Data excerpt |
===============

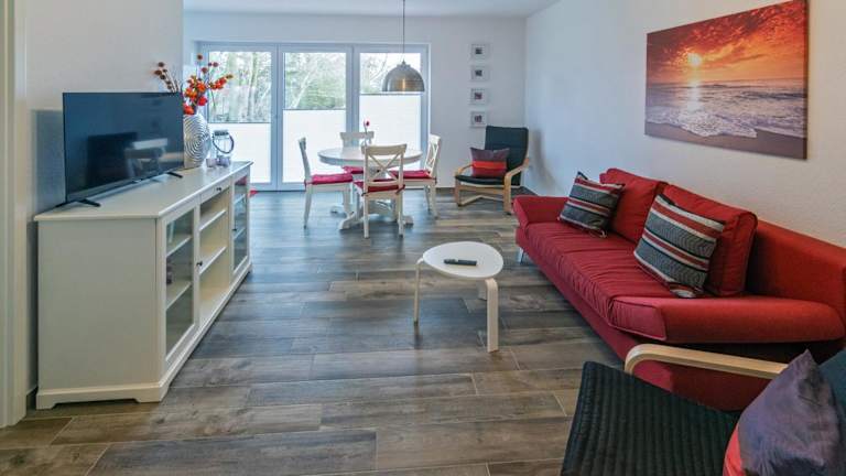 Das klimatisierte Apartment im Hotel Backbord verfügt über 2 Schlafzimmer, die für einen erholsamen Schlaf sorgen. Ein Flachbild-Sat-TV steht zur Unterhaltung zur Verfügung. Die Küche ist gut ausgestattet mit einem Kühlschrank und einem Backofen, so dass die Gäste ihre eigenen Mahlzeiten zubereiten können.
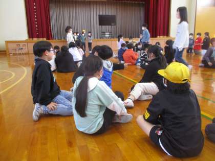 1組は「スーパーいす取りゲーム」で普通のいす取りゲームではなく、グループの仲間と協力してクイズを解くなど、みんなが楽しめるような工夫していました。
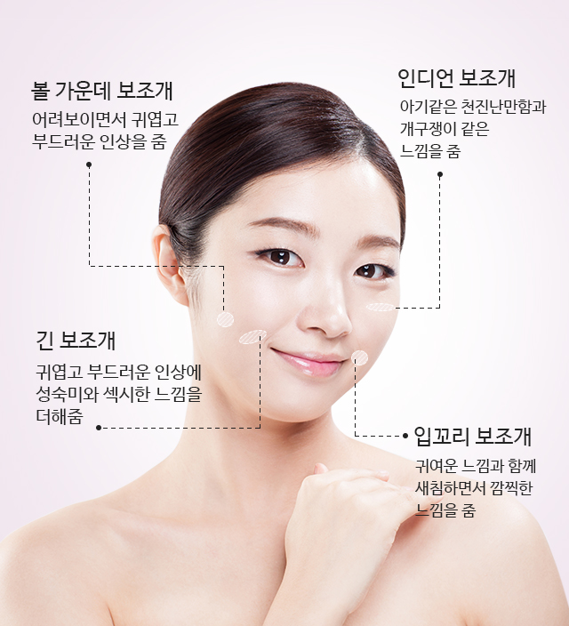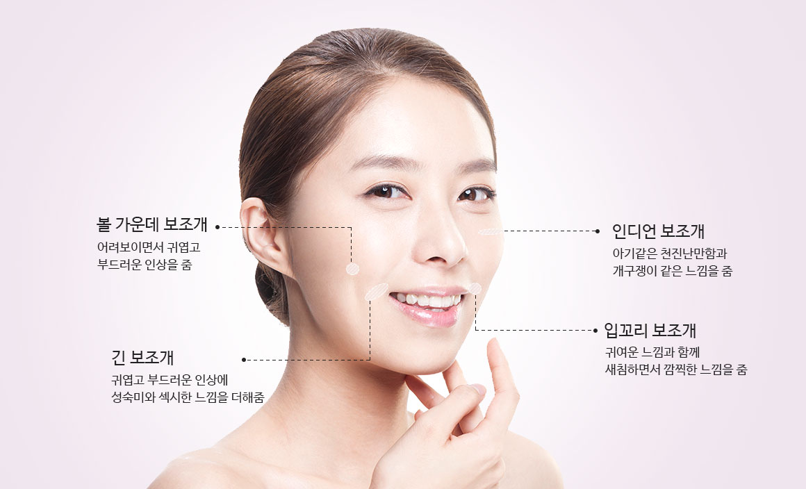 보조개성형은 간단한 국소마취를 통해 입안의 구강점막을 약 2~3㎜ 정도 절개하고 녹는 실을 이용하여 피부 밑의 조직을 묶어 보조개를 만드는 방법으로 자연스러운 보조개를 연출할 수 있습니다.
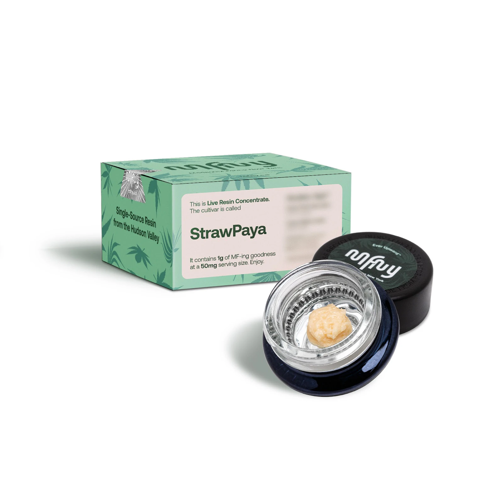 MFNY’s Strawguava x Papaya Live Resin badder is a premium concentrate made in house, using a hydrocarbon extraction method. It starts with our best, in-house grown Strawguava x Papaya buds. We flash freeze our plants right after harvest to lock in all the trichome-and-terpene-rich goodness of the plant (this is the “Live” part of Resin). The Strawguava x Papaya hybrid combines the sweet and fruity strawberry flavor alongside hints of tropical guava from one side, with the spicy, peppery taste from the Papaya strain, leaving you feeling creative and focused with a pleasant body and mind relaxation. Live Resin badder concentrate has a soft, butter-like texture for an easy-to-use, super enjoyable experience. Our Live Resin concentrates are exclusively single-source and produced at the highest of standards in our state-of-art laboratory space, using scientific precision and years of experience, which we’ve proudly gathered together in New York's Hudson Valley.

===============

Exactly the lines from the one containing "1組は「スーパーいす取りゲー" through the last line of the material above, both included and free of pictures, should make up your answer, please.

Task answer |
 1組は「スーパーいす取りゲーム」で普通のいす取りゲームではなく、グループの仲間と協力してクイズを解くなど、みんなが楽しめるような工夫していました。
 보조개성형은 간단한 국소마취를 통해 입안의 구강점막을 약 2~3㎜ 정도 절개하고 녹는 실을 이용하여 피부 밑의 조직을 묶어 보조개를 만드는 방법으로 자연스러운 보조개를 연출할 수 있습니다.
 MFNY’s Strawguava x Papaya Live Resin badder is a premium concentrate made in house, using a hydrocarbon extraction method. It starts with our best, in-house grown Strawguava x Papaya buds. We flash freeze our plants right after harvest to lock in all the trichome-and-terpene-rich goodness of the plant (this is the “Live” part of Resin). The Strawguava x Papaya hybrid combines the sweet and fruity strawberry flavor alongside hints of tropical guava from one side, with the spicy, peppery taste from the Papaya strain, leaving you feeling creative and focused with a pleasant body and mind relaxation. Live Resin badder concentrate has a soft, butter-like texture for an easy-to-use, super enjoyable experience. Our Live Resin concentrates are exclusively single-source and produced at the highest of standards in our state-of-art laboratory space, using scientific precision and years of experience, which we’ve proudly gathered together in New York's Hudson Valley.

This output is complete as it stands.